Towering columns
At The Critic, Derrick Berthelsen argues that the OBR is ignoring the positive impact of Brexit on reshoring manufacturing and improving productivity.
The academic research we studied earlier is all from a time when manufacturing was being offshored to cheaper locations. When globalisation was in its ascendancy. That is not the case now. Now it is reshoring — defined as the relocation of previously offshored production activities back to the home country — which is in vogue. Not least because of the supply chain disruptions caused by Covid. But academic studies are few and far between, so recent is this phenomenon…
…According to Manufacturing Logistics and IT, 90 per cent of manufacturers in the UK engaged in the reshoring process report successful outcomes. Around a quarter report enhanced value, heightened security and lower costs. According to their polling research “business leaders say AI driven tracking platforms (31 per cent), digitalisation in factories (29 per cent), and data analytics for risk management (29 per cent) — i.e. smart factory capabilities — are enabling the move towards reshoring.”…
…A September 2022 survey by the Chartered Institute of Procurement and Supply reported 45 per cent of companies were planning to move their production back to the UK in response to challenges faced during importing and a consistent increase in shipping costs. An October 2023 survey by Censuswide for Manufacturing Logistics and IT found 58 per cent of manufacturers have started to do so. It is clear that reshoring is happening, and in a very significant way. But what is not yet clear is what effect this will have on productivity.
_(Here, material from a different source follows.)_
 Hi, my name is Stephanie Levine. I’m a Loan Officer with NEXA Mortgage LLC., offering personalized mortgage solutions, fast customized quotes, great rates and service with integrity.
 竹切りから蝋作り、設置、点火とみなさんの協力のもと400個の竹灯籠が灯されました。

Certainly based on the available evidence it would seem incongruous to assume a productivity decline.
For The Telegraph, Nick Timothy makes the case for a new economic model that can address the failures of globalisation and dependency on service industries.
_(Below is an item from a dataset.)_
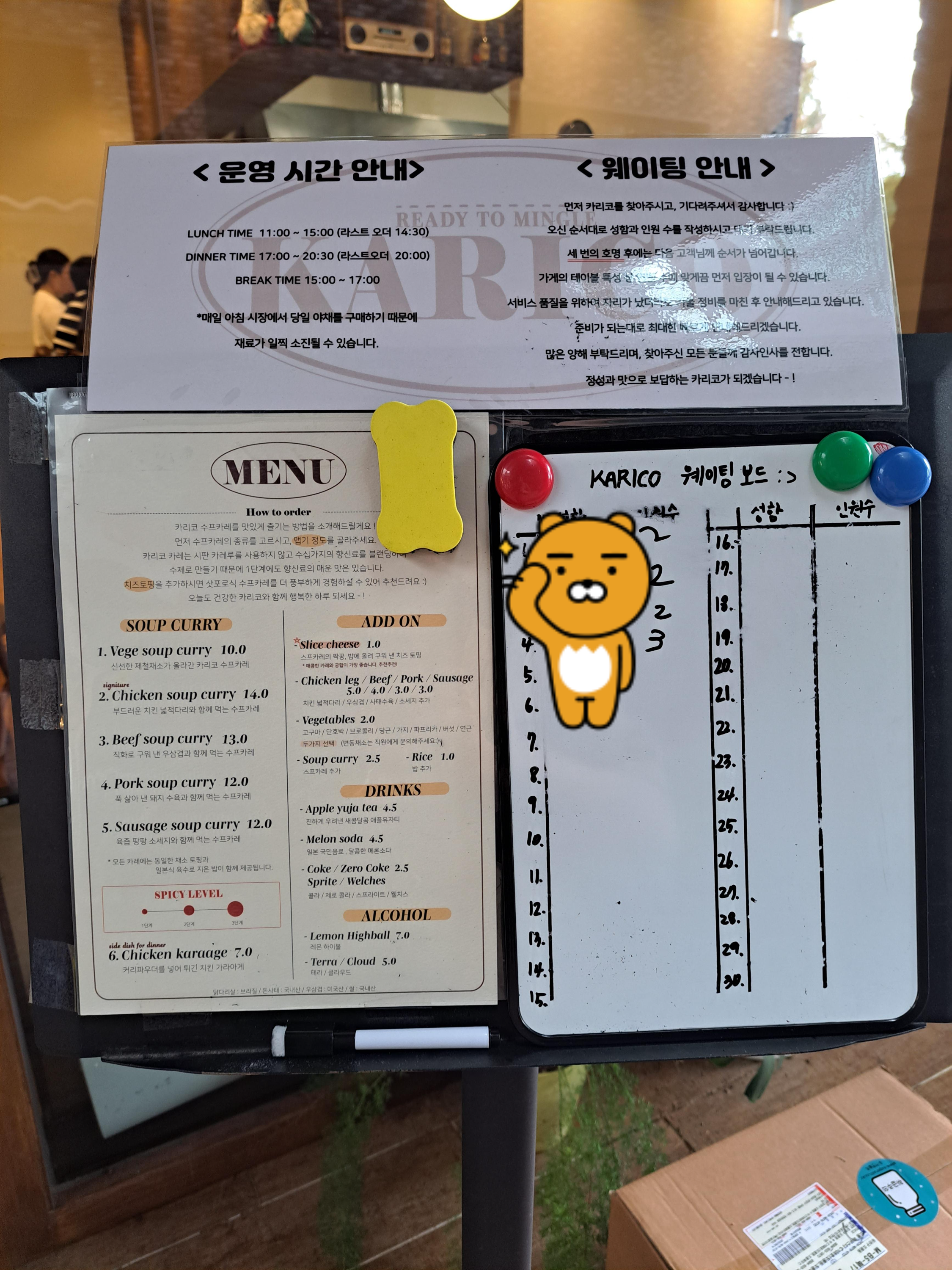 도룡동 카리코 식당 앞에 메뉴판 & 가격이 안내 되어 있고, 화이트보드에 웨이팅 순서대로 이름 & 동행인원 이름을 적고 기다렸습니다.

Britain is over-exposed and under-prepared for the new world. Many of the theories, assumptions and policies that underpin our economy are bankrupt. Writing for the IMF recently, Sir Angus Deaton, professor of economics at Princeton, reassessed his own beliefs. Business has too much power over workers, he said, free trade had damaged the Western working and middle classes, and immigration does more harm than good.
Few of Sir Angus’s colleagues would be so honest, but we should not stop there. Classical economic theory holds that it does not matter who owns what, nor what is made where. Comparative advantage means countries do what they are good at, and buy what other countries provide. Thus, trade makes us all richer. But this is not the case. First, governments get in the way. Countries like Russia and Iraq – controlled by Iran – can sell us hydrocarbons, but we should not fund our enemies. China was good at manufacturing protective equipment, but blocked its export when Covid first struck. The European Union sought to confiscate vaccines bought by Britain.
Neither does comparative advantage make everyone better off. If Britain only does the things it is best at – like financial services – and stops doing the things it does less well, the people and places reliant on those abandoned industries suffer. We end up, as economic geography shows us now, with one prosperous but overcrowded corner of the country, with the remainder reliant on fiscal transfers to sustain an acceptable quality of life.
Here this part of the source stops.